Эдо совсем растерялся. Но остатки котлеты не дали ему сосредоточиться на недоразумении. Поэтому он не оправдывался, а жевал.

– За это с меня причитается, – решил Иоганн-Георг. – Я придумаю, что. А для начала налью вам выпить. Книгу закончили – ничего себе повод! А о чем?

– О современном искусстве Другой Стороны, – автоматически, как всегда говорил дома, ответил Эдо. – Спохватившись, исправился: – Ну, то есть о здешнем искусстве. «Практика приближения к невозможному», художественный жест как следствие невозможности чуда, чудо, как следствие отчаянного художественного жеста – вот это все.

– Хренассе, – изумился тот. – Внезапный поворот.

– Да не особо внезапный, – невольно улыбнулся Эдо. – Я же профессиональный искусствовед. И конкретно этой темой много лет занимаюсь. Но понимать что-то начал только после того, как прожил здесь в полном беспамятстве почти восемнадцать лет.

– Он профессор вообще-то, – с удовольствием вставил Тони. – Я как узнал, до сих пор удивляюсь, какие классные на Другой Стороне бывают профессора! У нас бы такой еще с первого курса вылетел, и поминай, как звали.

– Спасибо, – поблагодарил его Эдо. – Но кстати, по свидетельствам очевидцев, я пару раз действительно вылетал. За прогулы и конфликты с преподавателями… в смысле, подрался с одним дураком из-за вашего, между прочим, Ван Гога. Ужасно жалко, что сам до сих пор ни черта не помню, в пересказах очень смешно. Потом восстанавливался; ну, это нормально. Не то чтобы какая-то исключительная биография, у многих коллег было примерно так.

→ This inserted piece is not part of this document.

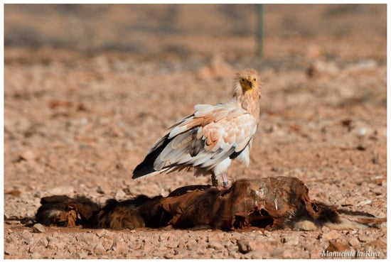 The Canarian Egyptian Vulture (Figure 1) is a medium-sized (2–3 kg) and long-lived territorial scavenger whose population strongly declined during the 20th century owing to the incidence of non-natural mortality, mainly accidents with power lines and indirect poisoning []. Currently, it survives only in the eastern islands with the bulk of the population concentrated in Fuerteventura. The species has deferred sexual maturity with an age of recruitment between 4 and 10 years in the Canarian population []. The breeding season lasts from early February to late June. Throughout the year, but especially during the non-breeding season, Egyptian Vultures congregate in large numbers at communal roosts located on power lines as well as at predictable feeding places such as the garbage dump, feeding stations, and large livestock farms (see [,] for details).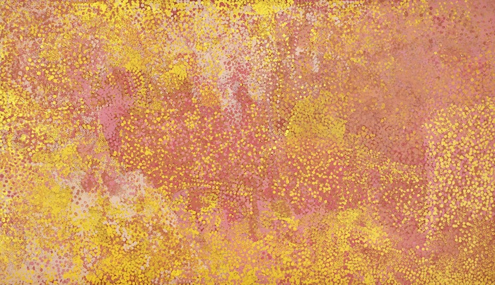 Cooee Art Senior Art Specialist, Adrian Newstead says of the work, ‘A number of exceptional paintings, including this particular work were produced between November 1991 and February 1992 when the Eastern Desert was overwhelmingly humid with hot northerly winds. The anticipation of rain and the ongoing ceremonial activity enlivened the spiritual atmosphere. In this painting, which can be viewed horizontally or vertically, radiant fields of yellow and pink dots which cluster and trace across the surface vary in hue and density.’

– Преподов даже я в свое время не колотил, – присвистнул Иоганн-Георг. – Обскакали вы меня! Но я вообще знаю, кто вы по профессии. И удивился не этому, а самой постановке вопроса. «Художественный жест как следствие невозможности чуда» – ну ничего себе! История моей жизни, точно вам говорю.

Он отвернулся, достал из буфета бутылку темного стекла и спросил Тони:

– Мы же переживем, если я последнюю прошлогоднюю зимнюю тьму открою?

– Самое время, – откликнулся тот. – Чего-чего, а тьмы сейчас, слава богу, хватает. Можно начинать заготавливать тьму нового урожая. Как раз пора.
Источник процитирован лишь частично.